Essential role of oxygen vacancy in electrochromic performance and stability for WO3-y films induced by atmosphere annealing

Tungsten oxide was extensively studied in electrochromism (EC) due to its extraordinary electrochromic performance. It is widely accepted that the cyclic stability is correlated with crystallinity of the films, while the EC performance are determined by structure features and oxygen vacancy level. However, the relationship between oxygen vacancy and stability is far from clear. In this paper we report on the impact of oxygen vacancy on optical properties, EC performance and cyclic stability of the WO3-y films.
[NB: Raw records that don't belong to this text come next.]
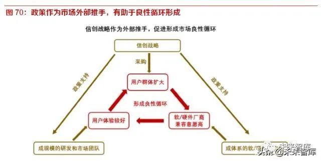 1)生态:国产基础软硬件体系基本可用,形成整体推进的局面。国产软件/硬件体系在 2015 年开 始进入“可用”阶段,2020 年在信创战略推动下有望向整体“好用”升级,最终有望达到市场良 性循环的状态。
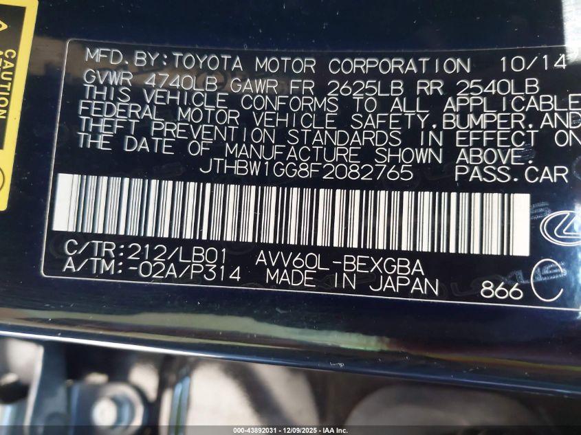 2015 LEXUS ES 300H - JTHBW1GG8F2082765, цвет - Черный, 2.5, Гибрид, Передний привод из США
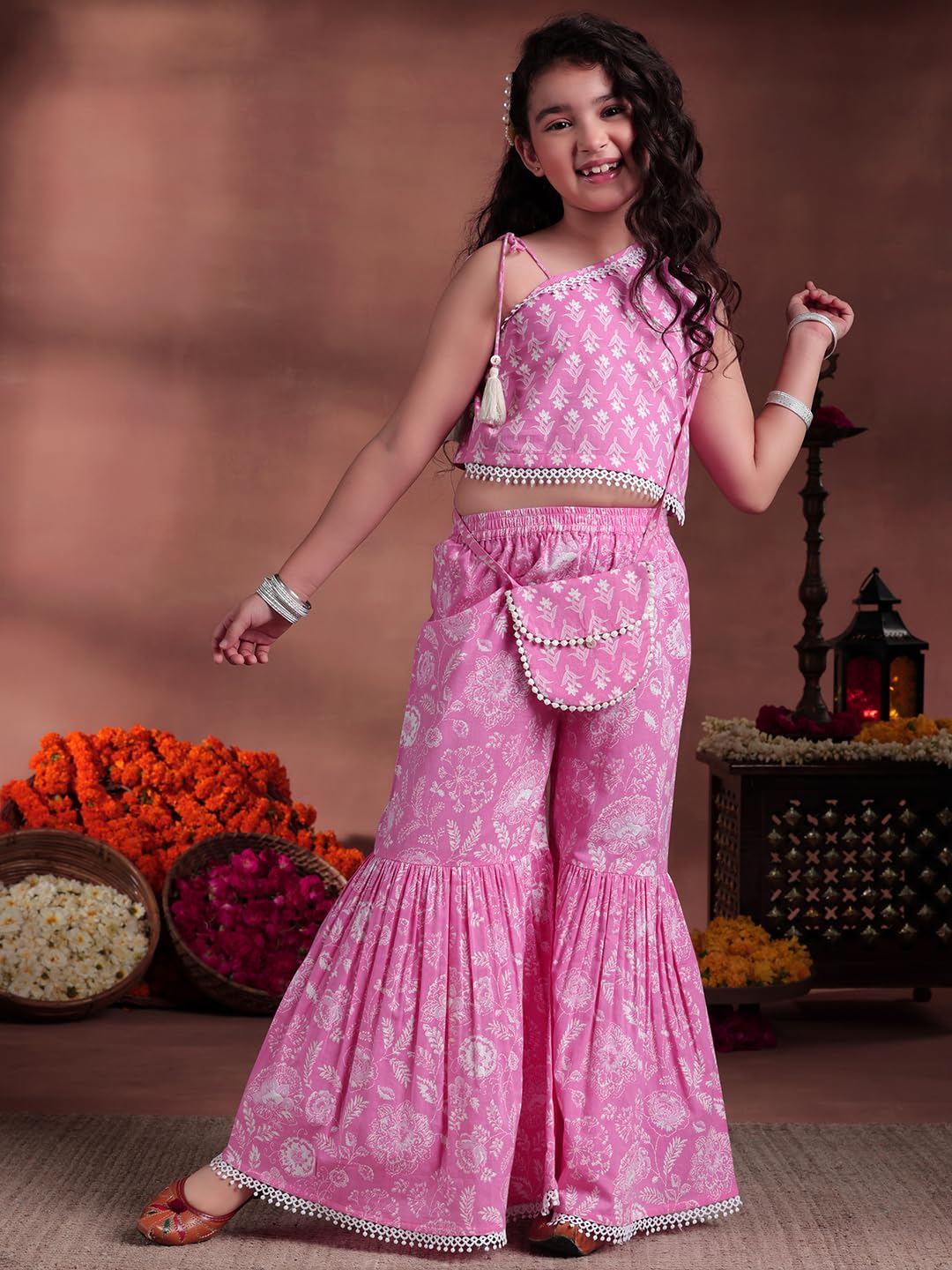 DescriptionPink Cotton Printed Top With Pink Cotton Printed Sharara With Pink Hand Bag
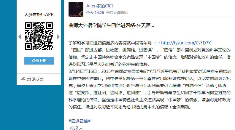 暑期,D体育在线登录官网外国语学院“四进四信”宣讲小分队一行人在青年网民居多的贴吧,天涯论坛,微博等网络公众平台,根据青年网友对习近平十八大讲话以来关于“四进四信”活动内容的认知情况,充分利用网络资源和舆论影响力通过发帖、动态和调动大家参与讨论等多路径方式展开了近一个月的宣传教育工作,旨在提高中国青年网民的思想理论水平,并借此践行中央的“四进四信”精神,营造积极向上的网络舆论氛围。
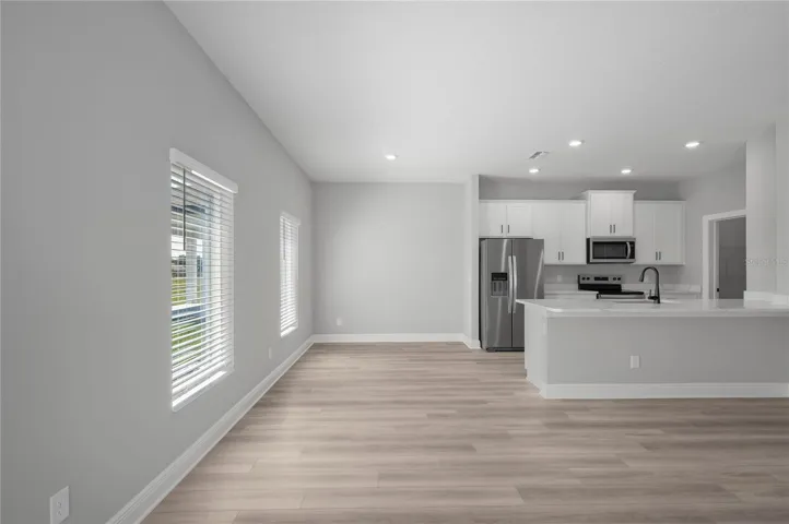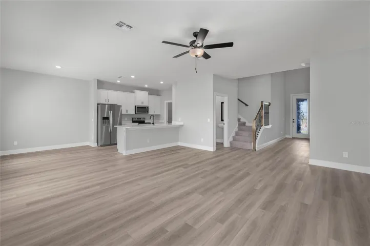 As you step into the home, a welcoming foyer leads you into the spacious family room, which flows seamlessly into a dedicated dining room and a chef-ready kitchen complete with quartz countertops, stainless steel Whirlpool appliances, a subway tile backsplash, sleek white cabinetry with matte black hardware, and a breakfast bar perfect for casual meals. The kitchen also features a huge closet pantry, offering ample storage for all your needs.
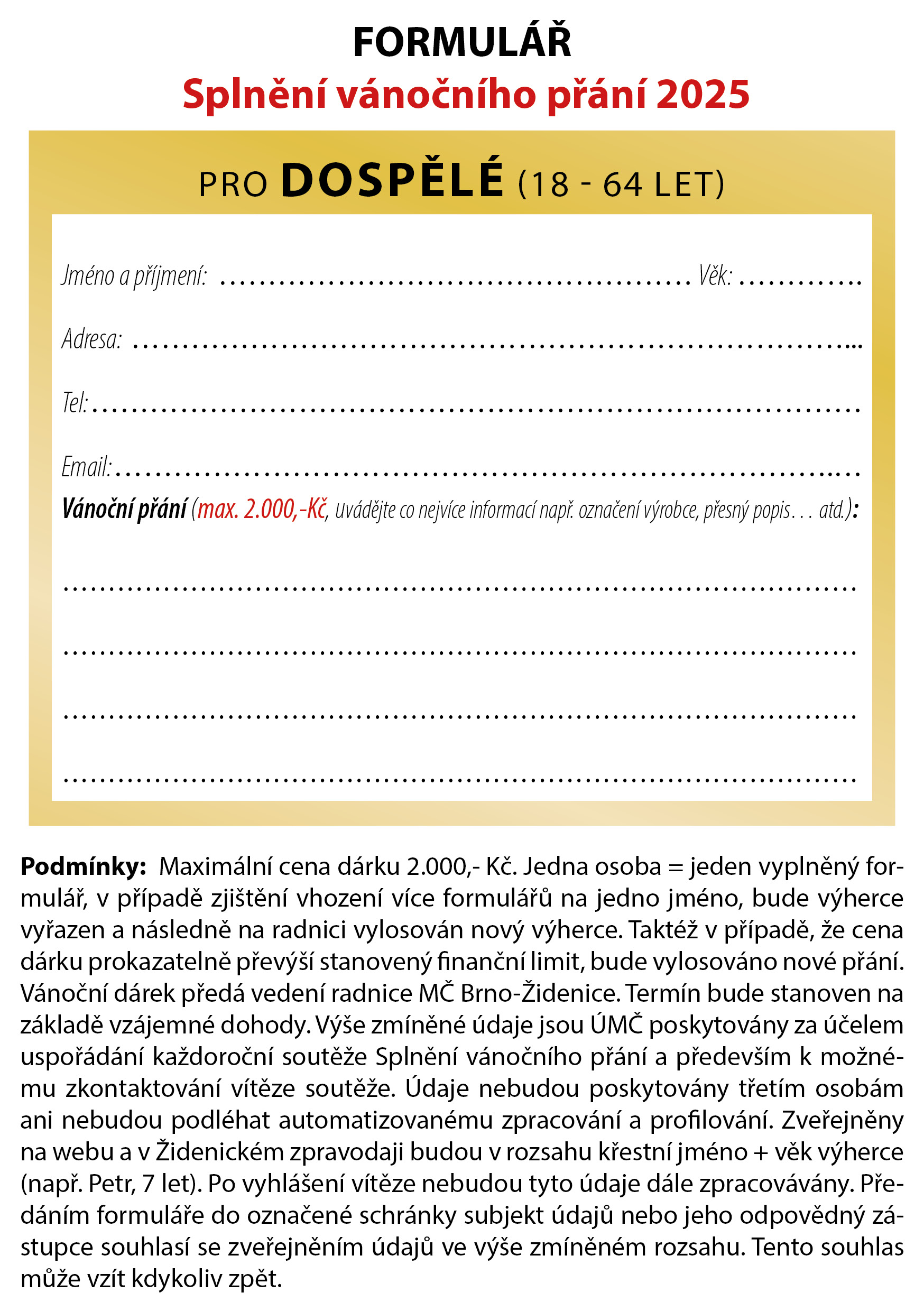 - Formulář splněné přání 2025 - pro dospělé (PDF, 34 kB)
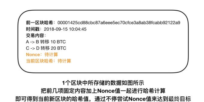 节点记账需要将交易数据打包进新的区块,而产生新的区块要做的就是生成新区块的哈希值,这就需要把上一个区块的哈希值、时间戳、要打包的交易以及Nonce值当作输入进行哈希运算来生成新区块的哈希值,而新生成的哈希值需要满足某个标准才算成功,这里的Nonce值是唯一的变量,所谓计算就是不断代入不同的Nonce值,直到得出符合要求的哈希值为止与其说叫计算不如叫猜更准确一些。所以算力更强的节点可以在同等时间内代入更多的数值,算出正确结果的概率也会更高一些。
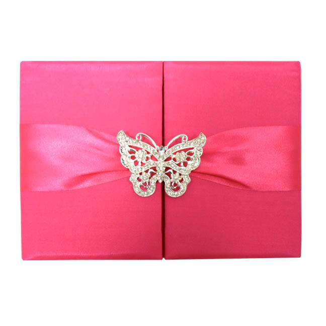 Elegant Pink Invitation Folio with butterfly clasp, perfect for baby showers, birthdays, and weddings. This luxurious padded silk folio features interior pockets for invitation, RSVP cards, and menu options. The eye-catching deep pink color ensures your invitation will be prominently displayed, keeping your event top-of-mind for guests.
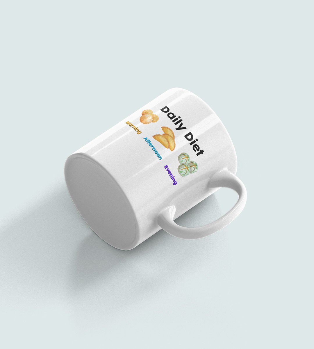 Indulge in the sweetest daily routine with our "Diwali Sweet Lover's Daily Diet" Coffee Mug. This hilarious design showcases the typical daily schedule of a sweet tooth, complete with morning, afternoon, and evening sweets. It's a delightful reminder that every hour is a good time for dessert. Enjoy your favorite beverages with a touch of humor and sweetness during the festival of lights.
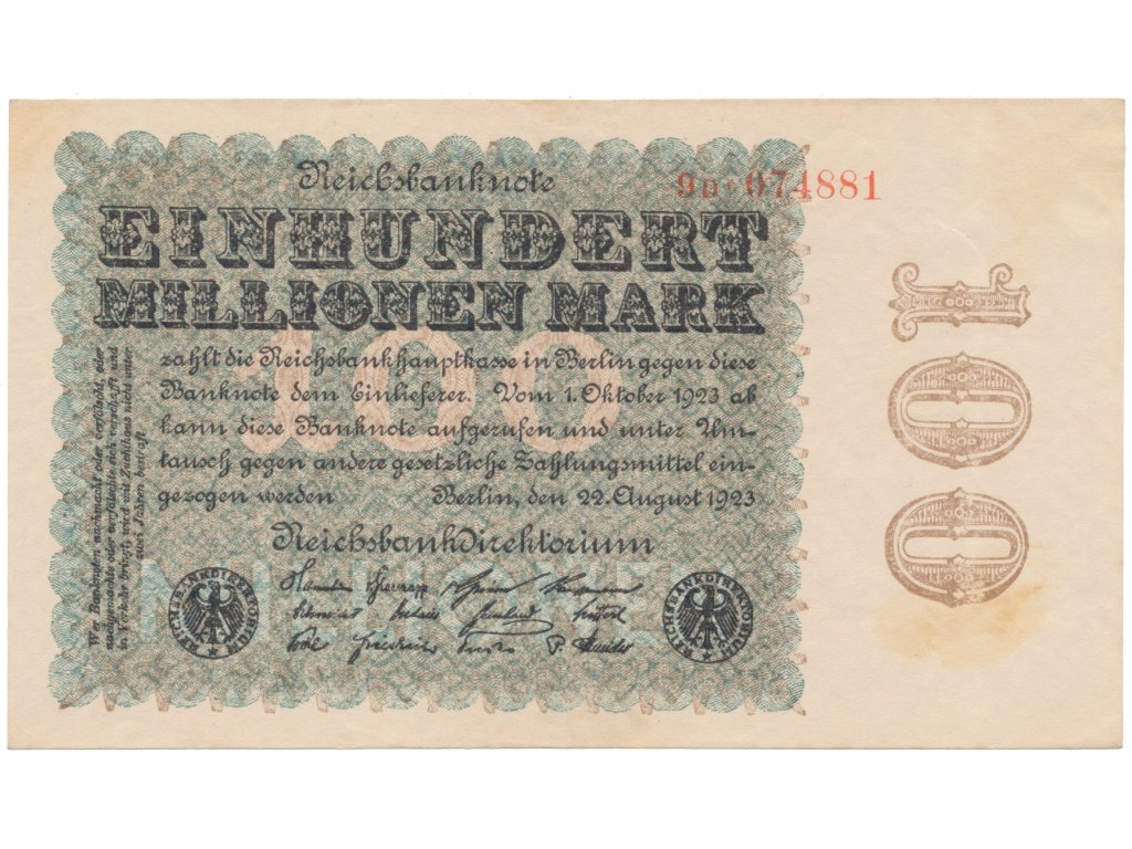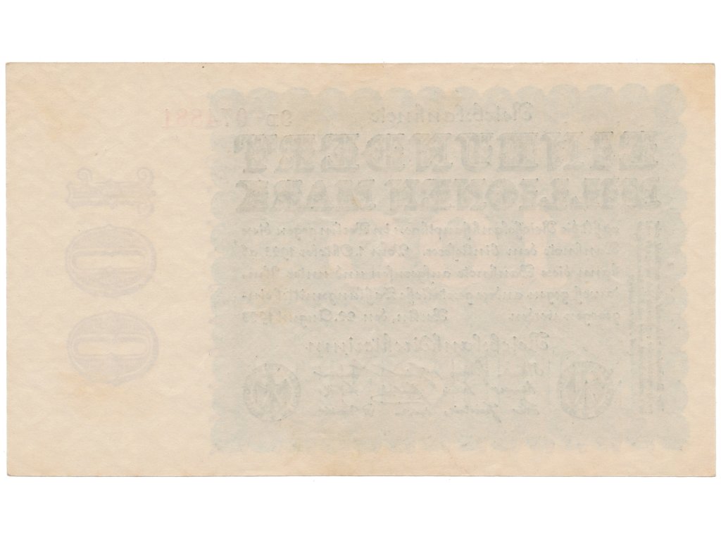 Německo, 100 Millionen Mark 1923, Kreuzblütten, Ro.106F

Firstly, the as-deposited a-WO3-y films were fabricated by reactive direct current magnetron sputtering at room temperature and then annealed for 2 h at 350 °C in Ar and O2 respectively. The X-ray diffraction, Raman spectroscopy and X-ray photoelectron spectroscopy was used to verify that the Ar and O2 annealed films exist different oxygen vacancy concentration with similar crystallinity level due to the thermal treatment. The cyclic voltammetry (CV) and in-situ optical variation measurement results reveal the benefits of EC properties due to the disordered structures and high oxygen vacancy concentration for WO3-y films. The long-term CV cycles experiment proves that O2 annealed films shows the higher stability with the lower oxygen vacancy concentration compared with Ar annealed films which indicates that the oxygen vacancy may go against the cyclic stability of WO3-y films.